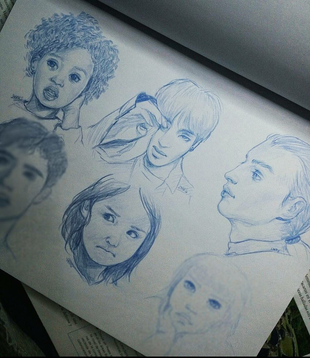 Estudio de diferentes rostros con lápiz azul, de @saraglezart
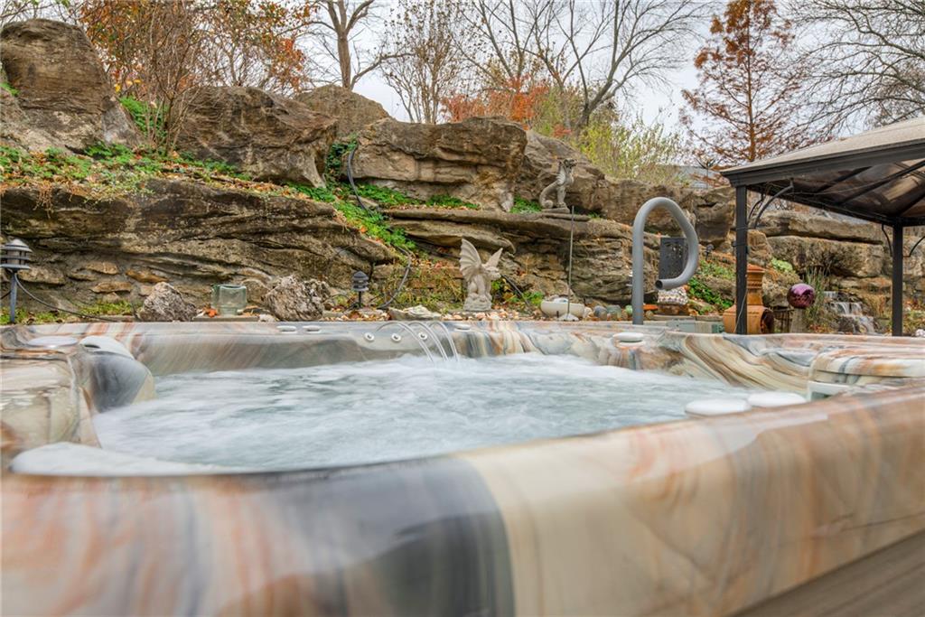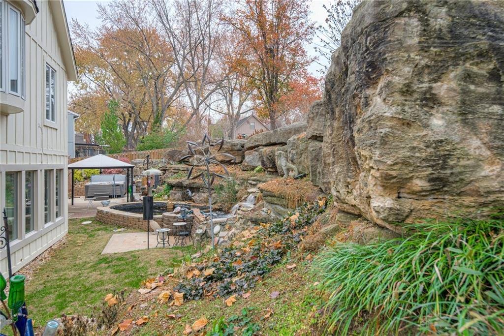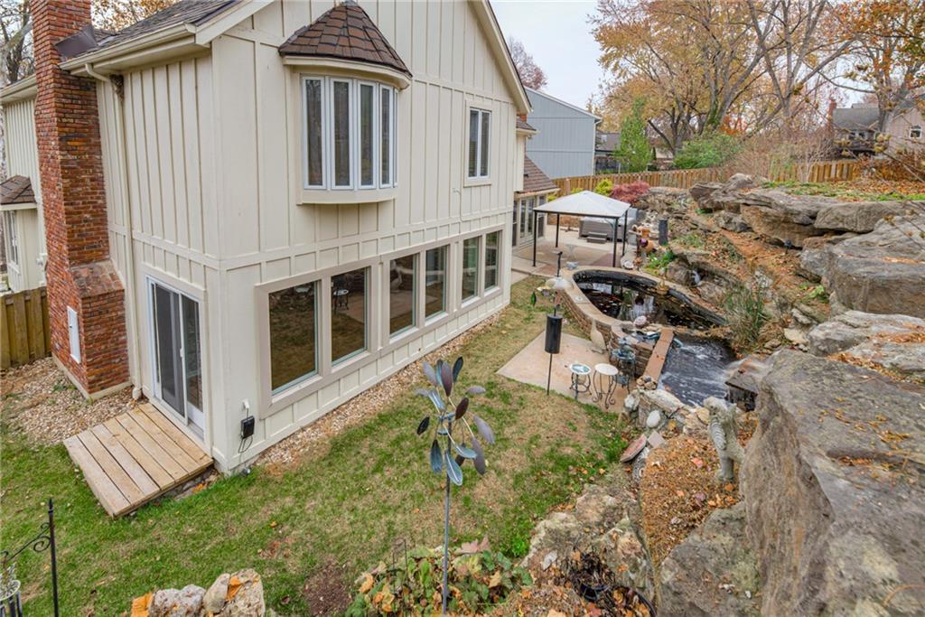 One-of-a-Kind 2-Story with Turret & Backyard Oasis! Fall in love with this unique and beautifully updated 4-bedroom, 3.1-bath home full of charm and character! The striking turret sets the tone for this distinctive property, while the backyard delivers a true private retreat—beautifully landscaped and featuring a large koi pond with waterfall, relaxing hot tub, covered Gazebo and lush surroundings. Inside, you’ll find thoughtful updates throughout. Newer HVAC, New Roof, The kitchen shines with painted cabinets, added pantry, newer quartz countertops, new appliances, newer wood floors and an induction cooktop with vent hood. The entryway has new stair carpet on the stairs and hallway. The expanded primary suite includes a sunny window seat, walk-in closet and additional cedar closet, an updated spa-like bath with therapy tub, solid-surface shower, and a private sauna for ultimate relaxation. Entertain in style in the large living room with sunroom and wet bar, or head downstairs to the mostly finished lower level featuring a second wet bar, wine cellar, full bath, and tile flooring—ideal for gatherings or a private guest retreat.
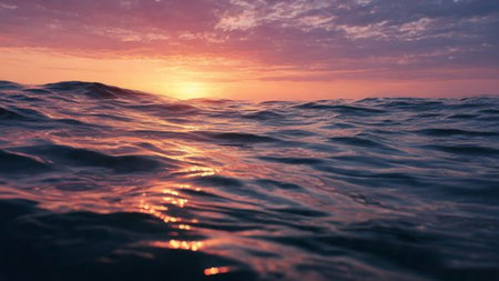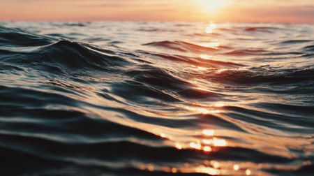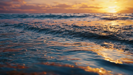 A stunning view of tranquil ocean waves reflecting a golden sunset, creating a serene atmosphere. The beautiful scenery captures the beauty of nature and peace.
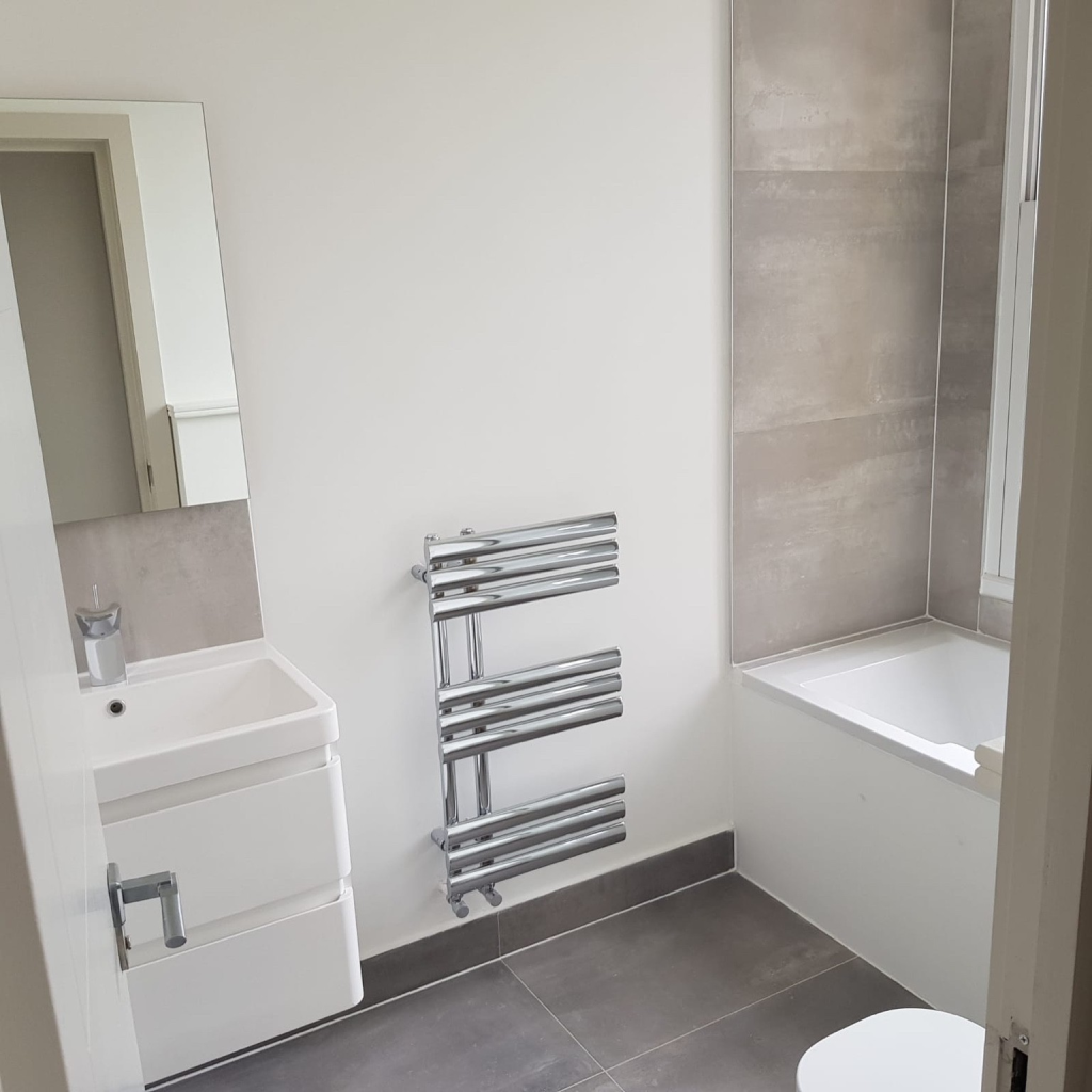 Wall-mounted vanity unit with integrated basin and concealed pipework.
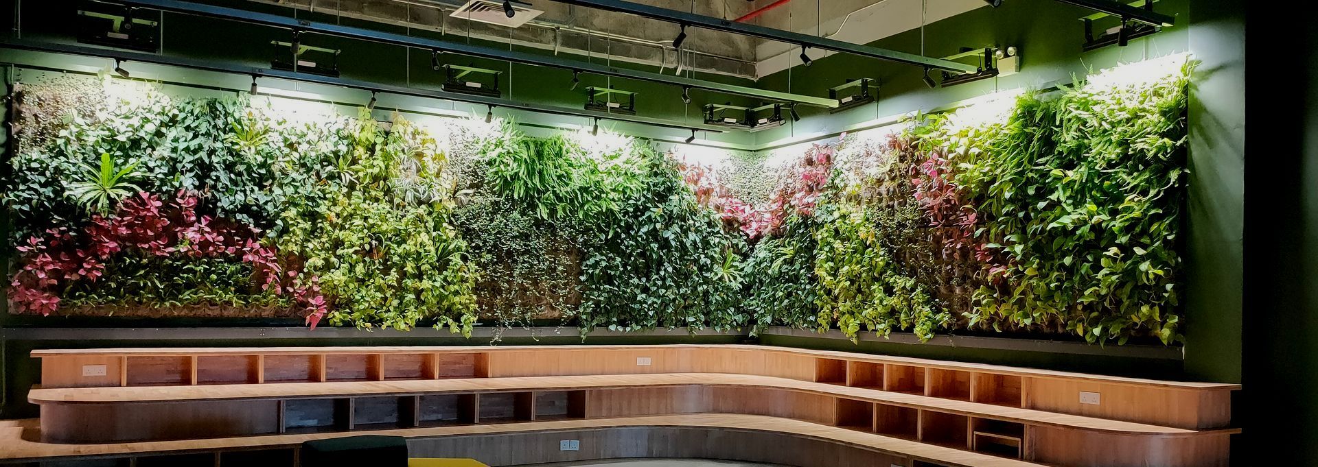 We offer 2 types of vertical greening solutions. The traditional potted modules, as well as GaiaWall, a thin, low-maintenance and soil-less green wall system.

--

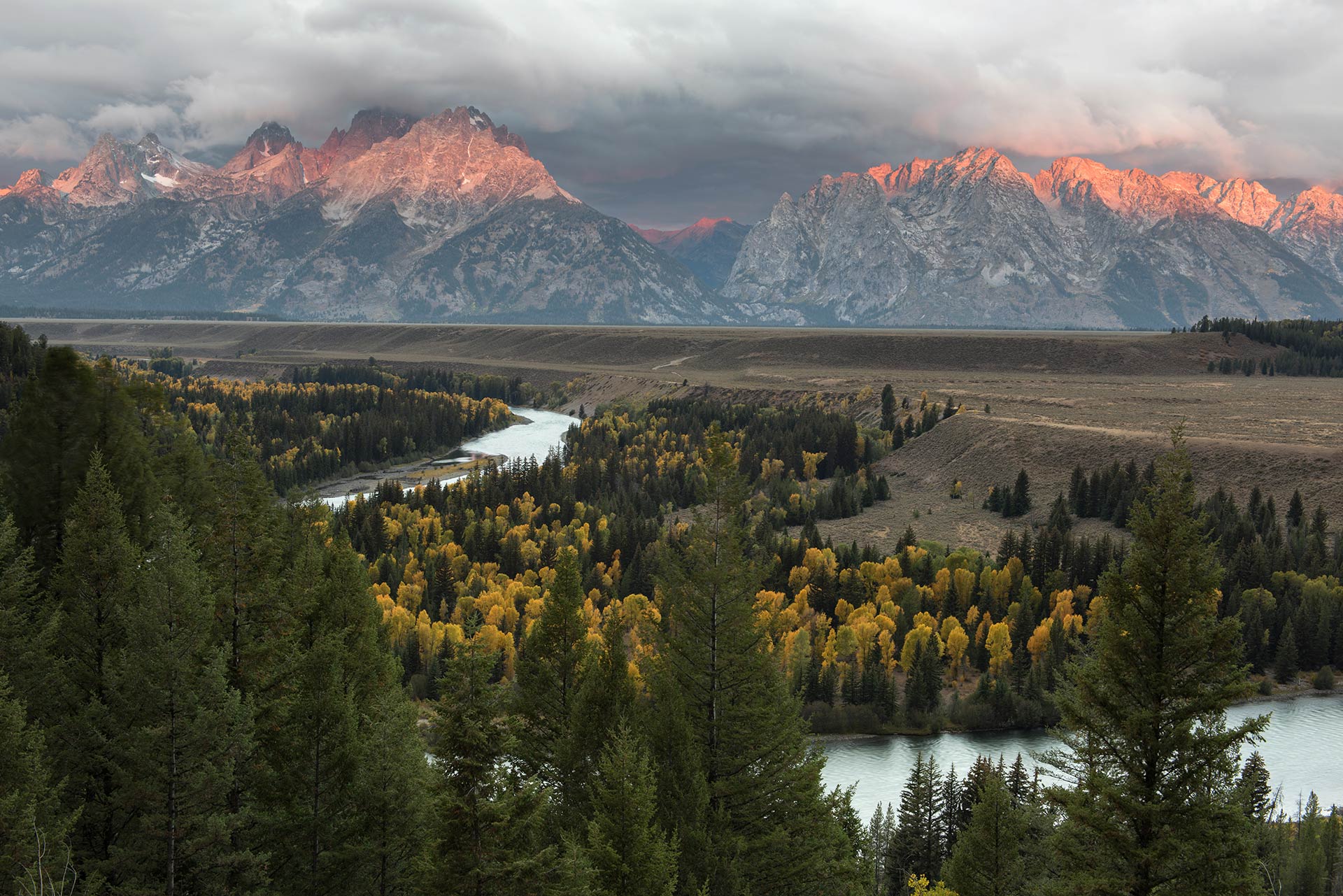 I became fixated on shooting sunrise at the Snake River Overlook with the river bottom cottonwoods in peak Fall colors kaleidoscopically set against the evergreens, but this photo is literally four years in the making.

* * *

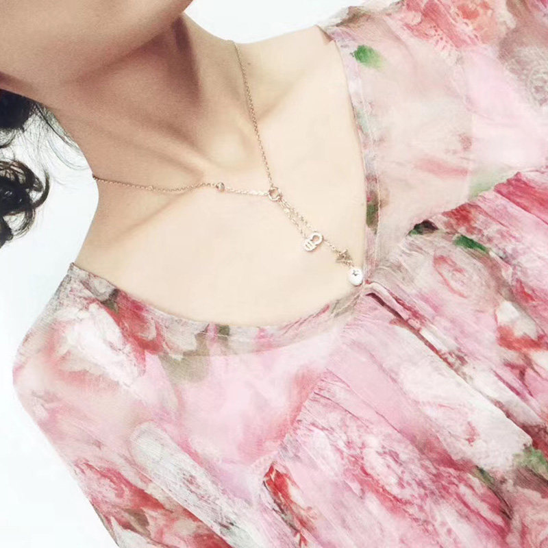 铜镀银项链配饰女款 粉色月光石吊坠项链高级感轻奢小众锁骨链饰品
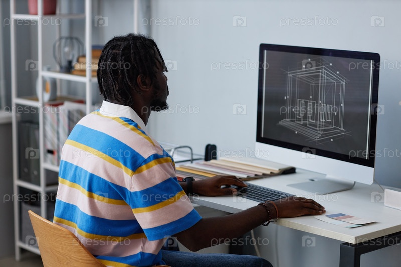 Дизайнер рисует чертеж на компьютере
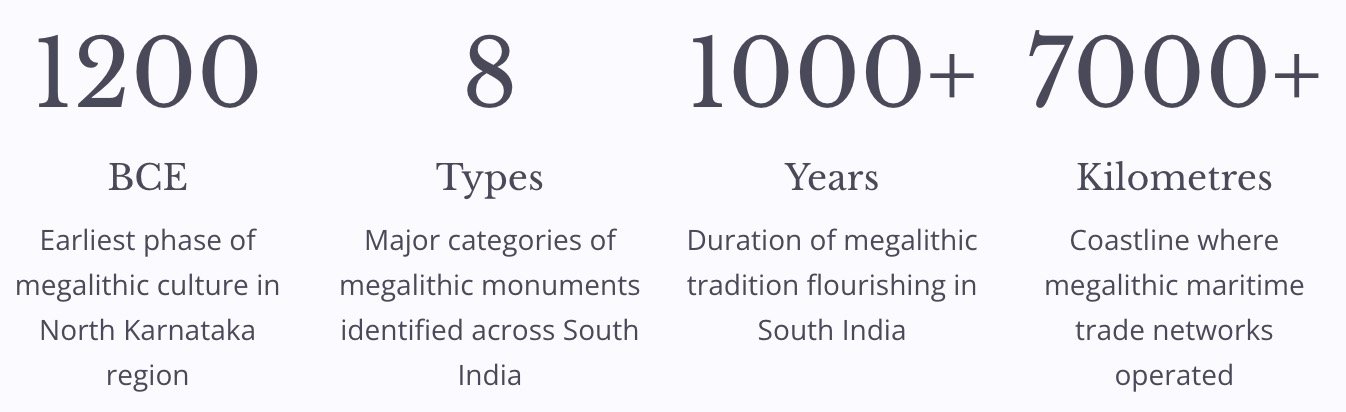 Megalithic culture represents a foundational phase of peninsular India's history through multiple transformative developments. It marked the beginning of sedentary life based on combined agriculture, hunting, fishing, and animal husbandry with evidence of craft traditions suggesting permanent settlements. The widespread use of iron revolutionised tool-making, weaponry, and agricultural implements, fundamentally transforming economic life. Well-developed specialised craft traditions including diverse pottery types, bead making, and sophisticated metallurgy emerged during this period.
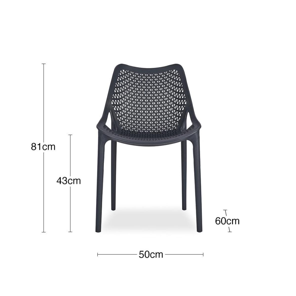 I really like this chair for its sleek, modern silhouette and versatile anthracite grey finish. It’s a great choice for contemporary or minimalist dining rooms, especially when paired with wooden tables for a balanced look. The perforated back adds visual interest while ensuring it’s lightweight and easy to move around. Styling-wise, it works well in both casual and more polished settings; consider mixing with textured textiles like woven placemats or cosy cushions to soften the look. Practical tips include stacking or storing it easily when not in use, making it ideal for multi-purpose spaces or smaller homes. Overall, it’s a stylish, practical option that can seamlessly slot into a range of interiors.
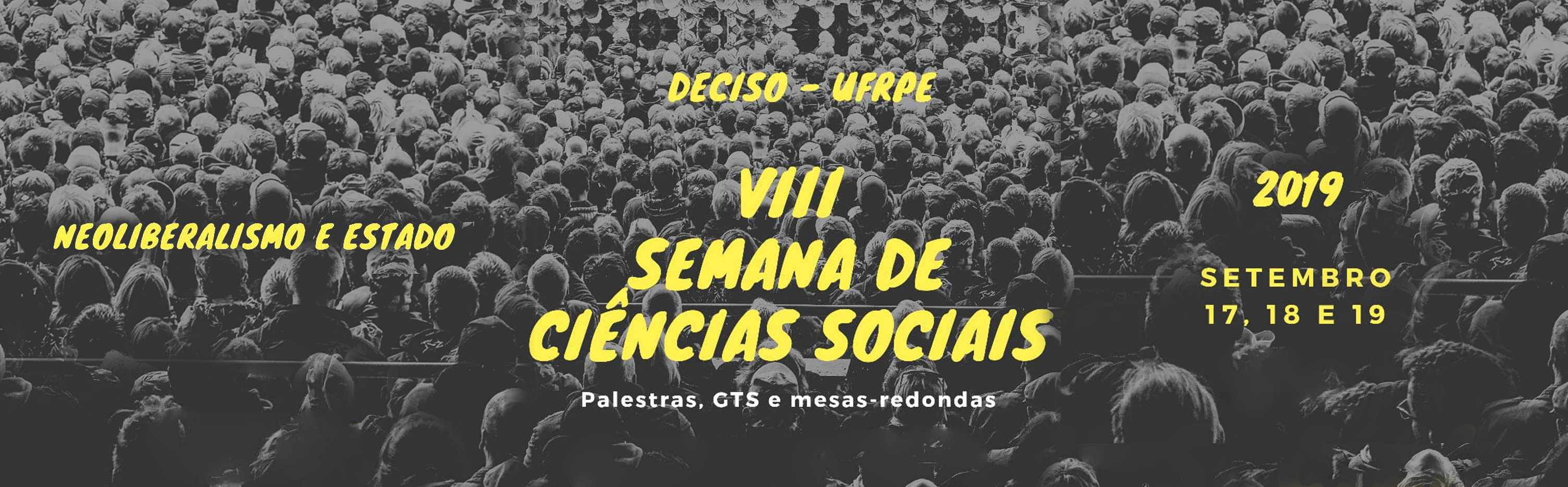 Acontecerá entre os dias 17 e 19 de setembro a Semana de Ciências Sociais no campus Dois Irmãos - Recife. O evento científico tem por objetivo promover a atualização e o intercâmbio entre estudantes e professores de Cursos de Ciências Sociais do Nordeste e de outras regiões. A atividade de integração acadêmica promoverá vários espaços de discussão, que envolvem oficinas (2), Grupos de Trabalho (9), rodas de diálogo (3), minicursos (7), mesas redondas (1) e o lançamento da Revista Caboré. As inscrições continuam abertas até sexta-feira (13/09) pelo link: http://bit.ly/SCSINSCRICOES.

▸ **TASK PROMPT**
Above, find the line with "One-of-a-Kind 2-Story with"; copy it and every line down to the line with "We offer 2 types", exactly and both included, but no pictures.

▸ **SOLUTION FOR THIS TASK**
 One-of-a-Kind 2-Story with Turret & Backyard Oasis! Fall in love with this unique and beautifully updated 4-bedroom, 3.1-bath home full of charm and character! The striking turret sets the tone for this distinctive property, while the backyard delivers a true private retreat—beautifully landscaped and featuring a large koi pond with waterfall, relaxing hot tub, covered Gazebo and lush surroundings. Inside, you’ll find thoughtful updates throughout. Newer HVAC, New Roof, The kitchen shines with painted cabinets, added pantry, newer quartz countertops, new appliances, newer wood floors and an induction cooktop with vent hood. The entryway has new stair carpet on the stairs and hallway. The expanded primary suite includes a sunny window seat, walk-in closet and additional cedar closet, an updated spa-like bath with therapy tub, solid-surface shower, and a private sauna for ultimate relaxation. Entertain in style in the large living room with sunroom and wet bar, or head downstairs to the mostly finished lower level featuring a second wet bar, wine cellar, full bath, and tile flooring—ideal for gatherings or a private guest retreat.
 A stunning view of tranquil ocean waves reflecting a golden sunset, creating a serene atmosphere. The beautiful scenery captures the beauty of nature and peace.
 Wall-mounted vanity unit with integrated basin and concealed pipework.
 We offer 2 types of vertical greening solutions. The traditional potted modules, as well as GaiaWall, a thin, low-maintenance and soil-less green wall system.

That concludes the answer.